È di poche settimane la notizia che i vaccini anticancro stanno funzionando. Una speranza. L’obiettivo immediato è creare vaccini che distruggano le cellule tumorali...
«La risposta a questa considerazione è strettamente legata al concetto di medicina di precisione a cui accennavo in precedenza. Per rendere la risposta più facilmente fruibile a tutti, questi “vaccini” si utilizzano per stimolare una risposta immunitaria contro un bersaglio ben preciso. Un po' come è stato per i vaccini anti-Covid, i vaccini terapeutici cercano di innescare una risposta immunitaria contro una proteina caratterizzante le cellule tumorali (antigene tumorale) e assente nelle cellule sane. In questo modo il sistema immunitario indirizza la propria risposta in maniera specifica verso il tumore e non colpendo tutto il resto».

Alcuni scienziati stanno testando anche vaccini che potrebbero prevenire lo sviluppo del cancro...
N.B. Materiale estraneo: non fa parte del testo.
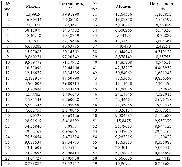 Подставив в уравнение регрессионной модели значение коэффициентов получим расчетные значения удельной мощности. Для проверки модели необходимо определить погрешность по следующей формуле (3):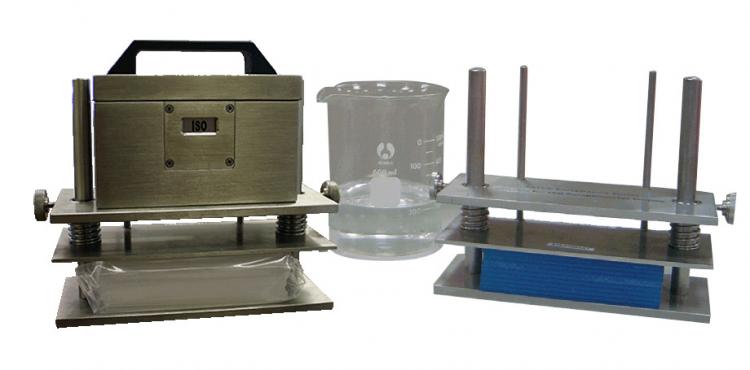 A stainless steel frame with a capacity of 20 samples of 10 cm x 4 cm held between acrylic separator plates, loading weights not included.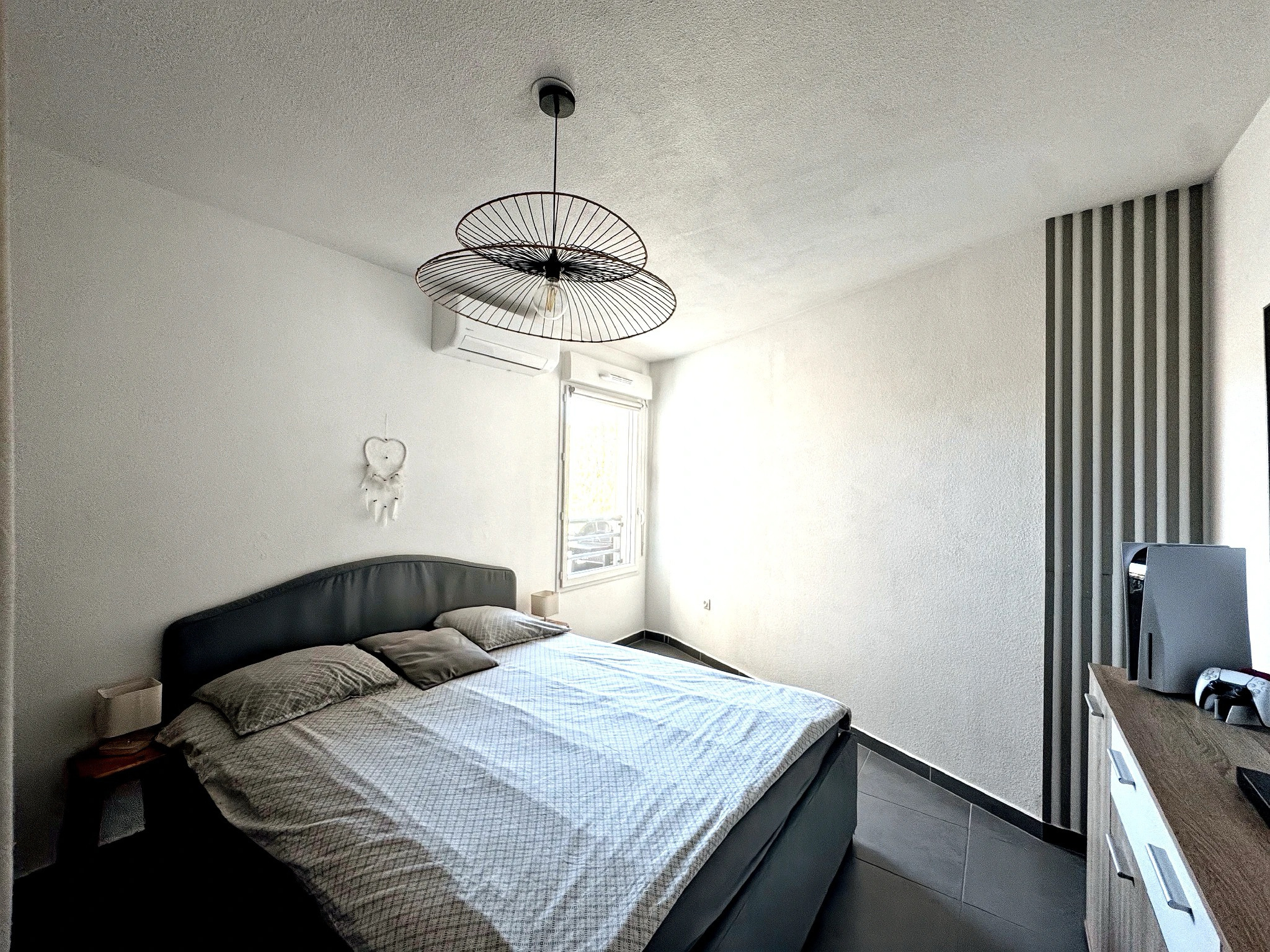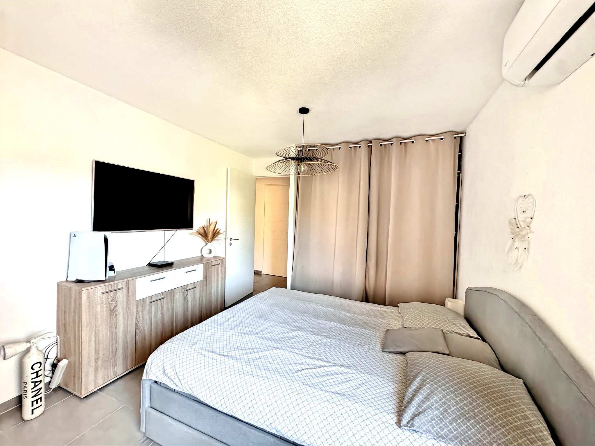 Il se compose d' une entrée accueillante avec placard intégré pour un rangement optimisé, un séjour lumineux de 23m² donnant accès à un agréable balcon de 7m² orienté côté jardin, une cuisine américaine entièrement équipée, deux chambres spacieuses, toutes deux dotées de grands dressings, une salle de bain fonctionnelle avec baignoire et double vasque, un WC individuel.

«Mentre prima parlavamo di vaccini terapeutici, per rispondere a questa domanda dobbiamo tornare a parlare di vaccino nella sua accezione classica e cioè quale strumento per prevenire una malattia. Vaccini che vanno a prevenire l’insorgenza di alcuni tumori sono più legati alla conoscenza di un agente eziologico (spesso un virus) che causa la degenerazione neoplastica: a questa classe appartengono alcuni farmaci già disponibili diretti verso il tumore della cervice uterina (causato dal virus HPV) e il tumore del fegato (causato anche dal virus dell'epatite B). Anche in questo campo la ricerca è in forte fermento e nel breve-medio periodo ci potrebbero essere altre belle sorprese».

Recentemente la sua attività di ricerca è finita sotto i riflettori di Repubblica che gli ha dedicato un lusinghiero articolo. Troppo spesso tanti come lui fanno un lavoro duro, in silenzio, con poche risorse. Ma quanto sarebbe importante sostenere con più forti più convenzioni più mezzi questo lavoro. Eppure così non è...
«È vero, nei giorni scorsi i miei studi sono stati inaspettatamente attenzionati da un lusinghiero articolo de La Repubblica. Non posso nascondere un certo imbarazzo, ma quello che spero è la storia raccontata, la mia storia, possa essere da spunto per mettere in atto azioni concrete volte a favorire quella “messa a terra” di idee di cui parlavo prima: i laboratori delle nostre università, anche e soprattutto nel nostro Sud, sono fucine di idee che meritano di essere messe in circolo e contribuire a quella spinta di innovazione sostenibile che può fare della Calabria un luogo dove non solo restare, ma anche attrarre. Anche a fare ricerca».